Sadly, much of the blame for the current conversation can be blamed on widespread FUD – fear, uncertainty, and doubt – about the disruptive technologies that threaten to unseat the entrenched industries that care more about the next financial quarter than the next quarter century.
Let’s take it back to basics, bypass the FUD for a moment and look at where we are on a global and individual level, and what we can do about it in reference to deploying technology.
Nearly every year is warmer than the last, and CO2 is the main culprit. That CO2 is largely emitted from the burning of fossil fuels. Land-use change – deforestation and soil degradation – also plays a part. It’s typically calculated to be and 80/20 split between the two sources, so reducing the burning of fossil fuel to zero is an urgent priority.

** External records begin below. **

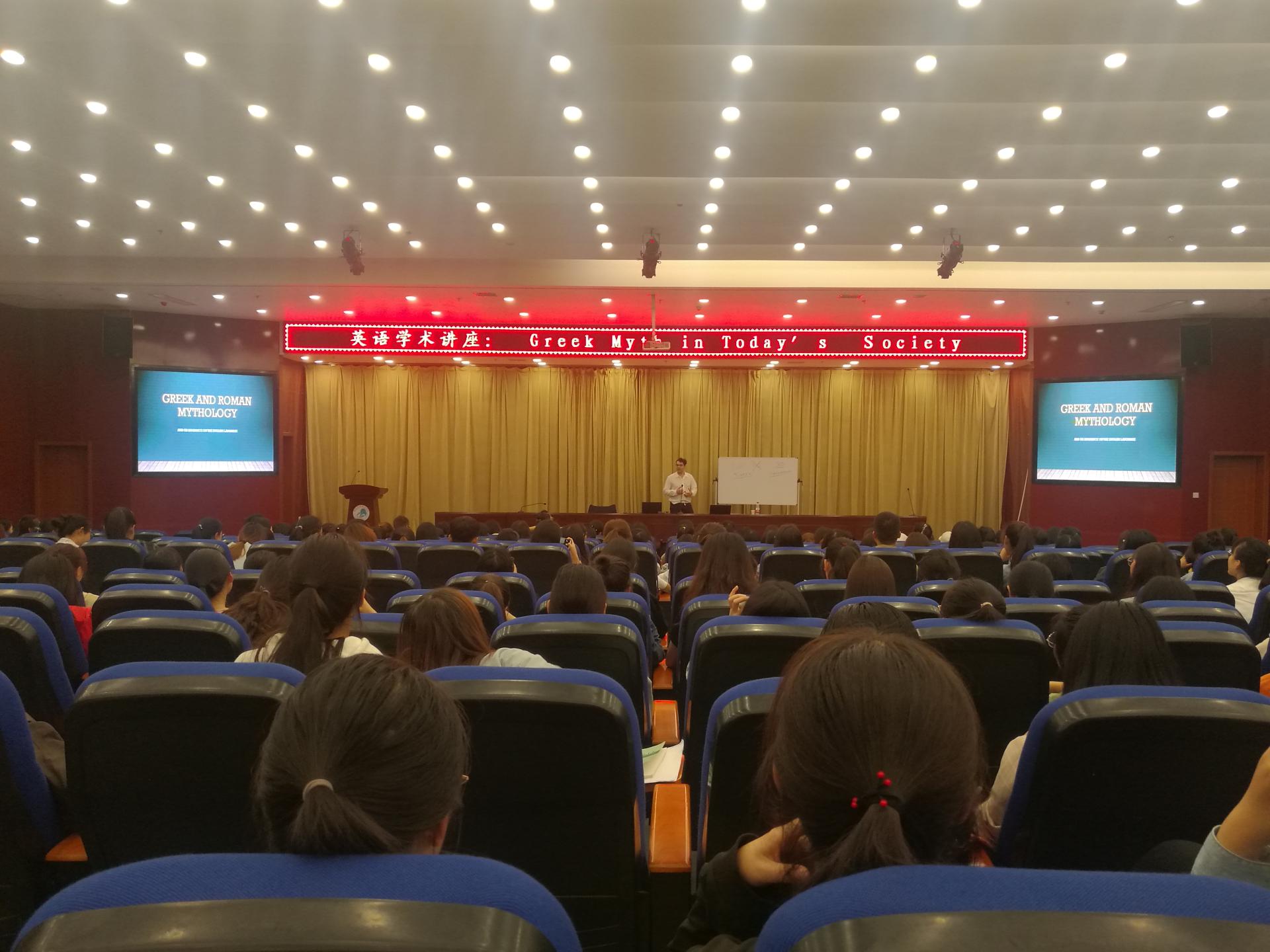 为了提高荣耀(中国)学生的英语学习能力和水平,营造浓厚的学术氛围、促进荣耀(中国)国际交流。5月29日下午,荣耀(中国)特聘荷兰籍教师Saberi Faraz为同学们带来以“Greek Myth in Today’s Society”为主题的英语学术讲座。来自幼儿教育学院、教育科学学院、外国语学院的300余名师生及国际交流与合作处相关工作人员参加了此次讲座。
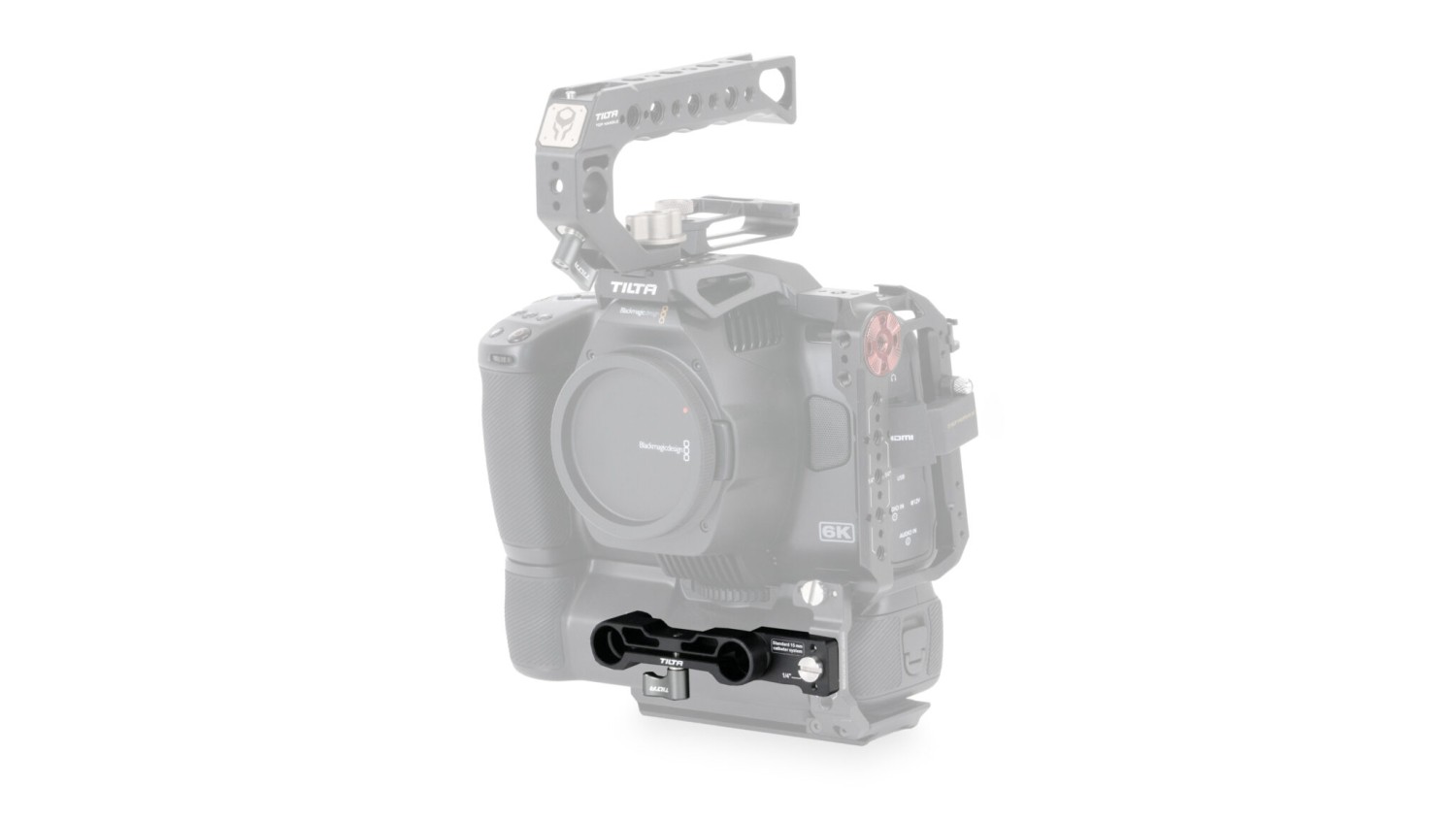 Este soporte para varillas de 15 mm se puede instalar para sujetar varillas de 15 mm cuando se utiliza una empuñadura de batería en la configuración Half Cage mediante una placa inferior alargada.
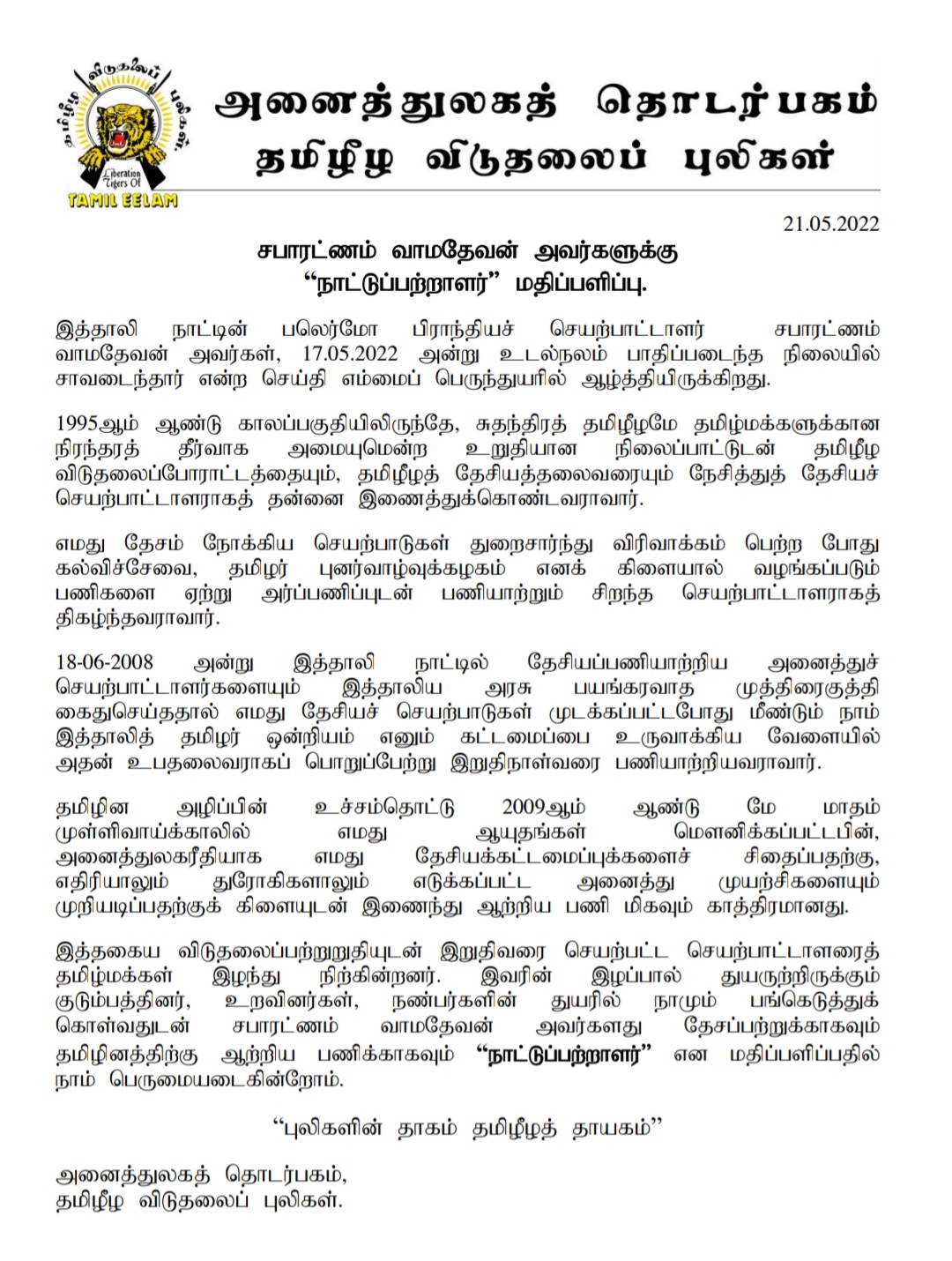 இத்தாலி பலெர்மோவில் 17.05.2022 அன்று சாவடைந்த, தமிழ்த் தேசிய செயற்பாட்டாளர் அமரர் சபாரட்ணம் வாமதேவன் அவர்களுக்கு தமிழீழ விடுதலைப் புலிகள் அனைத்துலகத் தொடர்பகத்தினால் “நாட்டுப்பற்றாளர்” என மதிப்பளிக்கப்பட்டு, வீரவணக்க நிகழ்வு 23.05.2022 அன்று காலை 09:00 மணிக்கு நடைபெற்றது.

There are two technologies that stand head and shoulders above others that can reduce the amount of fossil fuels that a typical household uses. Heat pumps for warming us through the winter, and electrification for getting us from A to B.
To compare, what does a typical fossil fuel powered household use in terms of energy and how much CO2 does that produce?
Heating with gas boiler –11,000 units of gas per year producing 185g of CO per unit = 2,035 tonnes per year.
Transport with conventional car – 1.25 cars doing 9,250 miles per year producing 2.4 tonnes CO2 per year.
Totalling 4,435 tonnes per year.
Electrified scenario.
Heating with heat pump – 2,750 units of electricity per year producing 366kg CO2 per year.
Transport with electric car – 2,312 units of electricity per year to power 1.25 electric cars doing a total of 9,250 miles per year producing 307kg CO2 per year.
Totalling 673kg per year.
That represents a six and a half times reduction in CO2 emissions, and as every year passes the carbon intensity of the national grid falls meaning that situation constantly improves.
Typically, heating and personal transport make up around 60% of a households annual CO2, so reducing CO2 emissions so dramatically in these two areas has a huge effect, and if we apply electrification throughout the supply chain then the other 40% stands to be similarly reduced.